Work item. Exactly the lines from the line that has "Frente a la" through the final line below are to be retyped, and the pictures are not.

(Extracted records)
'''

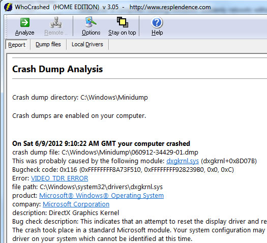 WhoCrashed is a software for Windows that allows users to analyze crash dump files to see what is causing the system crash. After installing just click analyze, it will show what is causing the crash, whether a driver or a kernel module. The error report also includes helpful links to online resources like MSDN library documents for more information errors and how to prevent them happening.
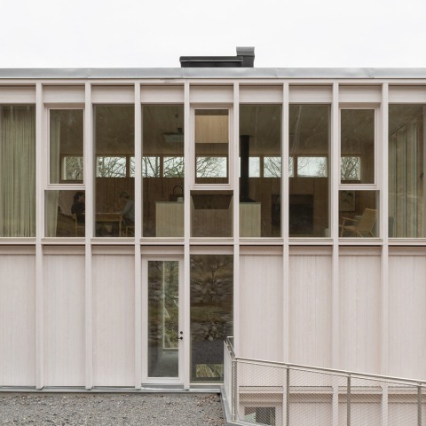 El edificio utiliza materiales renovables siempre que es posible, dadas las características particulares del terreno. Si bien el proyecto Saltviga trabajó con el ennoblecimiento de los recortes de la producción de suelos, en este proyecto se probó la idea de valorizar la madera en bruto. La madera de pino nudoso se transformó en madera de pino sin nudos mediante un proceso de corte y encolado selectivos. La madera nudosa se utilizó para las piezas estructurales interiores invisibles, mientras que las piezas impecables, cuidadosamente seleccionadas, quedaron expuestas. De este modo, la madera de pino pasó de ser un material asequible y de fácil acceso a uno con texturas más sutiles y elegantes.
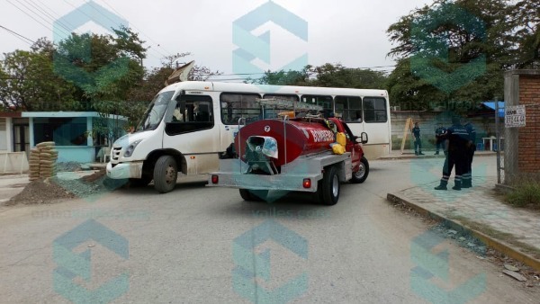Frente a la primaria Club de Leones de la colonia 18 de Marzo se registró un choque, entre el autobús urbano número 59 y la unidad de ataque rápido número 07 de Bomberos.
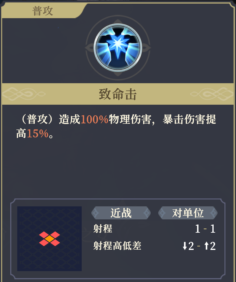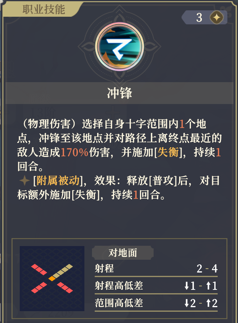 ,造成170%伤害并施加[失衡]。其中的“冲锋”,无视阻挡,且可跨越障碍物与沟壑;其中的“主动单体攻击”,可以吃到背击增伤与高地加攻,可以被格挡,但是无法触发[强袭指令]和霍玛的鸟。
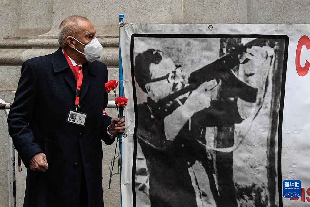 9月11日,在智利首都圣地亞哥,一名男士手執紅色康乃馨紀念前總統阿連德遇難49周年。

'''

Output.
Frente a la primaria Club de Leones de la colonia 18 de Marzo se registró un choque, entre el autobús urbano número 59 y la unidad de ataque rápido número 07 de Bomberos.
 ,造成170%伤害并施加[失衡]。其中的“冲锋”,无视阻挡,且可跨越障碍物与沟壑;其中的“主动单体攻击”,可以吃到背击增伤与高地加攻,可以被格挡,但是无法触发[强袭指令]和霍玛的鸟。
 9月11日,在智利首都圣地亞哥,一名男士手執紅色康乃馨紀念前總統阿連德遇難49周年。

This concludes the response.